According to the Health & Safety Authority, vehicles and machinery are the main cause of farm accidents in Ireland, accounting for 50pc of all farm deaths in the past ten years.
Silage season is a time when contractors and farmers are working even longer hours than usual and unfortunately, accidents do happen.
Here are a few common questions that can arise during peak silage time:
Who is responsible if a tractor driver gets injured on the farm during the silage cutting?
It is difficult to give a definitive answer to this question, as it largely depends on the specific circumstances of the accident and the relationship between the parties concerned.
If we assume that the tractor driver is an employee of the contractor, then the contractor is the first to be pursued.
Various factors would be considered in any such case, such as the roadworthiness of the tractor, the training provided by the contractor, risk assessments/safety statements of the contractor, and any negligence or dangerous practices on the part of the contractor would be examined.
This is not an exhaustive list and the investigations required would depend on the particular circumstances of the accident.
The actions of the driver would also be examined to determine whether that person contributed to the accident happening.
The landowner unfortunately will most likely also be pursued as the owner of the property on which the accident took place.
The farmer must be able to show that he/she took all reasonable precautions to ensure there were no hazards on the farm and that the accident could not be reasonably foreseen by him/her.

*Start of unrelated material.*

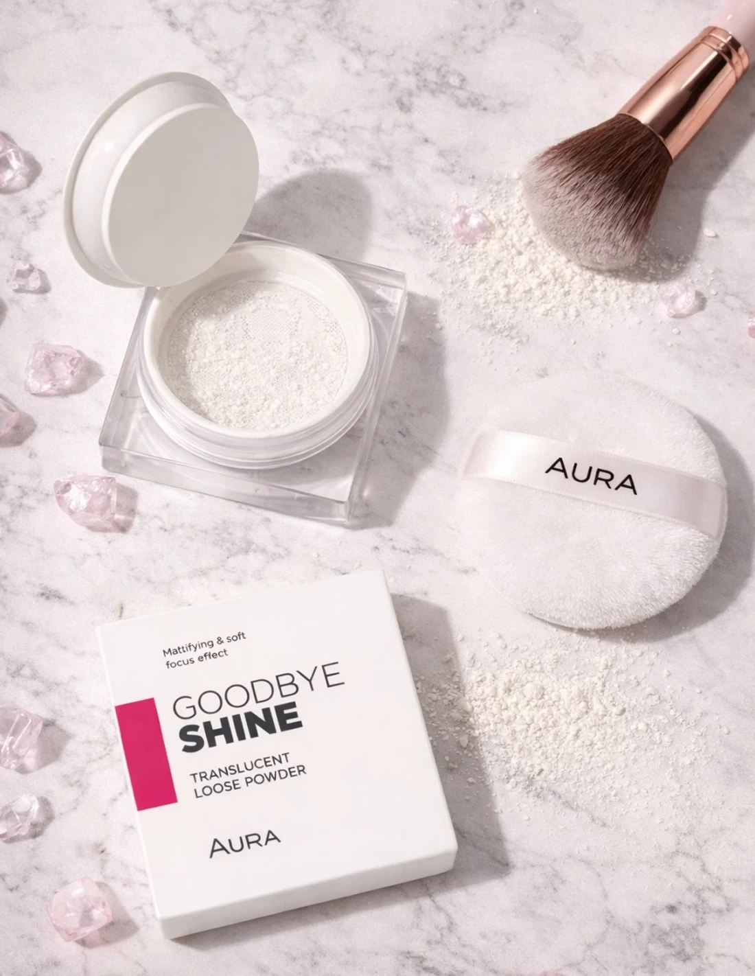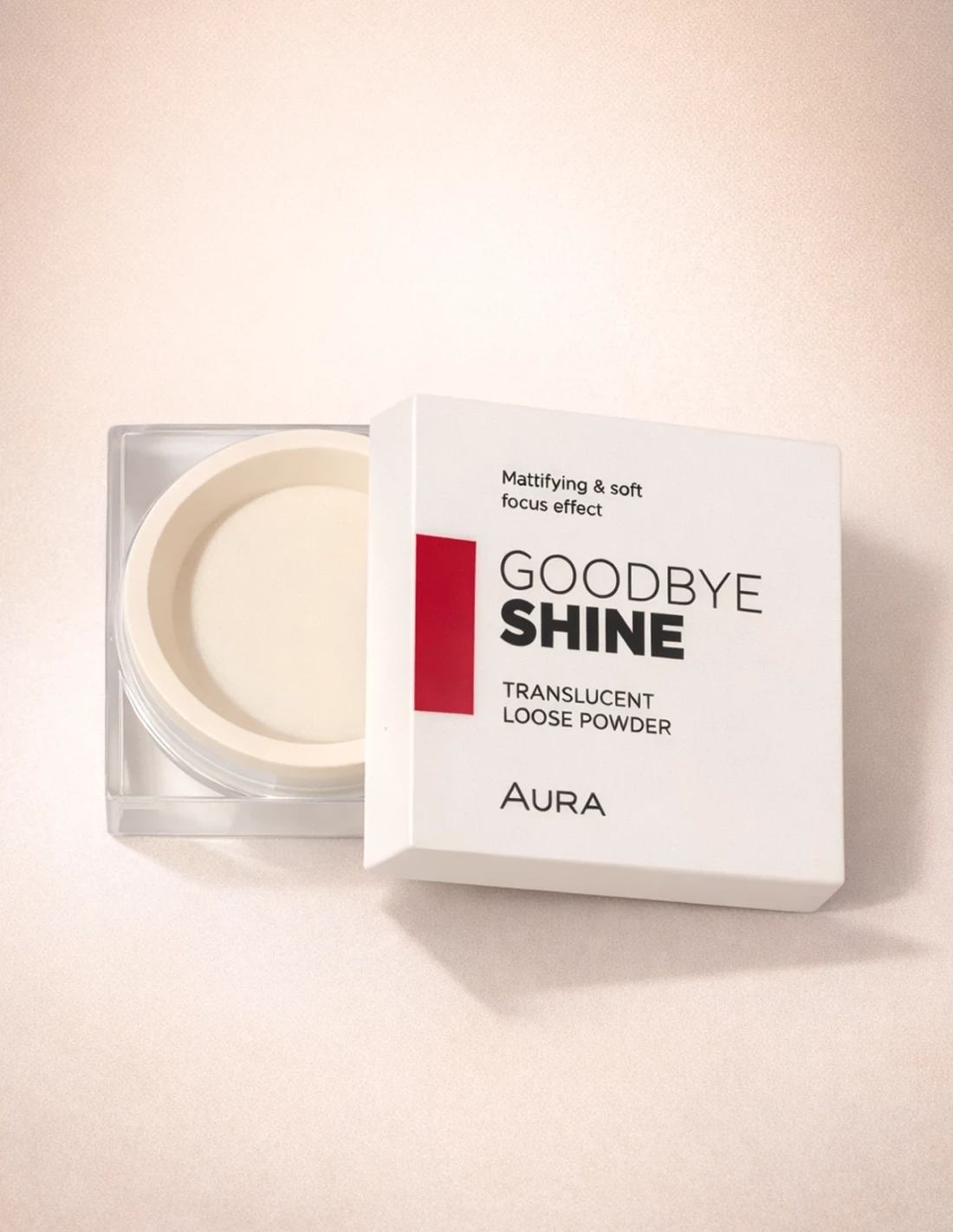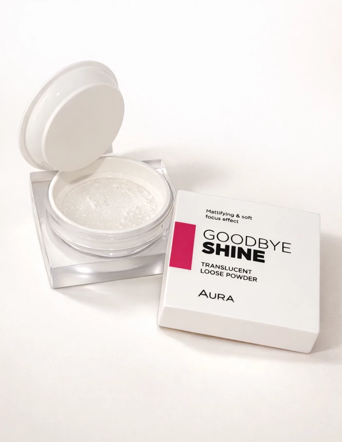 Envie d’un teint qui reste propre, lissé et sans brillance du matin au soir ? La poudre libre AURA Goodbye Shine est la touche finale qui transforme instantanément le rendu du maquillage. Sa texture ultra fine dépose un voile léger qui fixe le fond de teint, améliore la tenue de l’anti-cernes et apporte un effet soft focus très flatteur. C’est une poudre libre translucide idéale au quotidien, mais aussi une excellente poudre baking pour un résultat encore plus net et longue tenue.

The Safety, Health and Welfare at Work Act 2005 places a legal obligation on farmers to prepare and implement a safety statement unless they have three or less employees, in which case they can follow the HSA's Code of Practice for Preventing Injury and Occupational Ill Health in Agriculture, and complete the risk assessment therein.
It is important for every contractor and landowner to regularly review their insurance policies with their brokers to ensure appropriate insurances are in place to provide for all farming activities.
Who is responsible for the upkeep of a tractor if a driver uses their own tractor to work for a contractor?
It is important to establish from the outset what type of relationship exists between the contractor and his/her drivers.
For example, is the driver an employee of the contractor or is he/she an independent contractor?
The Revenue Commissioners have a comprehensive code of practice for determining employment status.
Such considerations include whether the person provides labour only; is exposed to any personal financial risk in carrying out the work; is paid a fixed weekly/hourly wage; works for one person/business; can provide the same service to more than one business; provides equipment/machinery; is under the control of another person who directs how, where and when the work is to be carried out.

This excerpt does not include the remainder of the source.